In a hyper-connected world, caution must be taken when discussing the distribution and use of vehicle data. Historically, the carmakers have viewed this data as proprietary but situations like emergency response beg the question: how can that data serve a greater purpose than a manufacturer profiting from and tailoring customer acquisition?

“Car insurance is a proven and fair response to how vehicle data distribution leads to safer roads, fewer accidents, and streamlined traffic management. However, as the technological landscape continues to shift, we cannot move forward without allowing for data exchanges to third-parties and applications that would engage both OEMs and insurance providers,” Williams says.

Telematic control units are struggling to manage the enormous volumes of data being produced as vehicles become more connected. New sensors and applications are feeding decision-making processes through the use of machine vision, analytics, and artificial intelligence (AI). These applications and processes are in need of real-time information from sensors such as cameras, radar and LiDAR to make smart decisions.

“Intel is predicting a smart vehicle will produce 4TB of data for every 1.5 hours on the road. With that volume of data, automakers are struggling with how much information is openly available to third parties while also securing the system from malicious intent,” Williams concludes. According to him, one emerging strategy takes some of the heavy-lifting off the TCU by processing only real-time needs locally and passing subsets of data to the cloud. More complex AI and analytics can unburden the TCU by making use of ultra-low latency Network Edge Compute technologies.

Alex Leonov, managing director of MotoLink LLC points out that TCUs can harvest vehicle data using both the onboard ECU and its own built-in sensors. Reaching the right balance between the Edge and the Cloud is extremely important for a telematic device. Edge computing can eliminate unnecessary data traffic. “Latency requirements vary greatly by application. Anything related to safety, for example, V2X applications, autonomous driving and ADAS, requires real-time data. Contextual offers also need to be delivered in real-time, although they are not as time sensitive,” Leonov explains.

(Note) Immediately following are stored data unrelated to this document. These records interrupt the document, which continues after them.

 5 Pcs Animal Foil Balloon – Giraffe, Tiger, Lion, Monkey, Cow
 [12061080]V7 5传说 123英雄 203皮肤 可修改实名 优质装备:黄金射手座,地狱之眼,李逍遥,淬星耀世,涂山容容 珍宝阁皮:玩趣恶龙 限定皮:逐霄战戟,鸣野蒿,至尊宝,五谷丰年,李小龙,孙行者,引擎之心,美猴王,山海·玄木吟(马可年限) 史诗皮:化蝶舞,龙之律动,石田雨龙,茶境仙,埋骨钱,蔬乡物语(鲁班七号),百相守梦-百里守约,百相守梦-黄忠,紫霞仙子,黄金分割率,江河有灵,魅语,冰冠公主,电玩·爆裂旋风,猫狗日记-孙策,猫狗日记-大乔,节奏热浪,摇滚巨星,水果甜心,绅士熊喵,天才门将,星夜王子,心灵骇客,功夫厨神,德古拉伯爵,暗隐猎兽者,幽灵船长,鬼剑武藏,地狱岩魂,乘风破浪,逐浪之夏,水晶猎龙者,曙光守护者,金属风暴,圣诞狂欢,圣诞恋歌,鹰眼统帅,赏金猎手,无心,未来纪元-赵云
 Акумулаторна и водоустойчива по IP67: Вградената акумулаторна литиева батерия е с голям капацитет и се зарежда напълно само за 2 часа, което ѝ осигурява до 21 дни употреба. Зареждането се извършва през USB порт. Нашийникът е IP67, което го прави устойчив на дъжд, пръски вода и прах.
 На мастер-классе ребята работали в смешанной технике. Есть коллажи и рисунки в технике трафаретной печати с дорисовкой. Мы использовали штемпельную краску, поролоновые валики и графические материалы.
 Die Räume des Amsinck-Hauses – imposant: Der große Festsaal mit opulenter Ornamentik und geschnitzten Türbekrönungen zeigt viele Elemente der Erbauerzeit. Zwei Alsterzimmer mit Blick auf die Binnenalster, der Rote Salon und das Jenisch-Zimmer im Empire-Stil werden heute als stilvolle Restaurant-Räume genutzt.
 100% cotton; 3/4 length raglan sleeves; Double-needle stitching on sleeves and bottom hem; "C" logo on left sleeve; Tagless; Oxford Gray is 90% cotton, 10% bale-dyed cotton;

However, non-critical diagnostic data and driver behavior statistics do not require real-time. Adoption of 5G technology promises to solve latency challenges, but the coverage may remain limited. “Perhaps, in combination with DSRC infrastructure and Wi-Fi-based V2X, it will be sufficient for autonomous vehicles,” Leonov says. “I think that the new generations of TCUs need to be designed to support all of these technologies.”

A software-defined vehicle concept is quickly becoming a reality. Cars and trucks generate enormous amounts of vehicle and driver behavioral data daily. This data is valuable to carmakers and suppliers, as well as content and service providers including dealers, fleet operators, insurance companies, retailers, gas stations, etc. “Before this valuable data can be analyzed and monetized, however, it needs to be harvested from the vehicle. OEMs need to build a secure and reliable vehicle-to-cloud data exchange platform not only to collect the vehicle data but to push OTA software updates, deliver content, and more. Cyber-security is of utmost importance, and such systems are normally built using a closed loop architecture.”

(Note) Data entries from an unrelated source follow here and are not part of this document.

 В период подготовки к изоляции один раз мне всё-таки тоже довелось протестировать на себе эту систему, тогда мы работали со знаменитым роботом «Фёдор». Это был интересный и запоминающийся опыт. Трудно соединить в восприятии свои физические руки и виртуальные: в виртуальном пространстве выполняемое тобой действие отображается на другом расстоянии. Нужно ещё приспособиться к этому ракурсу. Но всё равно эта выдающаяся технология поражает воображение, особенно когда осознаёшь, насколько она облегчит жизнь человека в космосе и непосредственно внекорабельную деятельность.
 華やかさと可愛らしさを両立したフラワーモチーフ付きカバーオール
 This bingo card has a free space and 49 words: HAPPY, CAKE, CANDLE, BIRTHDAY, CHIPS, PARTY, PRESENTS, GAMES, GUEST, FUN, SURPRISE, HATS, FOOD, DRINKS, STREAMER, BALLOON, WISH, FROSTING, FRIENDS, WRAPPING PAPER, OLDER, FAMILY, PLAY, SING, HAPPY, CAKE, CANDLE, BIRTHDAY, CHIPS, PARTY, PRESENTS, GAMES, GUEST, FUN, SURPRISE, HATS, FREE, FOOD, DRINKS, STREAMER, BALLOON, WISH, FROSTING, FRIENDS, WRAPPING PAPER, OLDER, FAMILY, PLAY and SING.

There are a number of ways to monetize vehicle data. The two main categories are cost savings and new revenue generation. OTA software updates and early recall management can save automakers millions of dollars. Real-time data feeds will also help their R&D efforts tremendously. End users further benefit from their riding behavior analysis and custom UBI offers. “While many modern cars come with factory-installed TCUs, that is not the case for motorcycles, scooters, ATVs and other powersports vehicles. Only recently, the leading powersports OEMs started equipping their flagship models with TCUs,” Leonov says.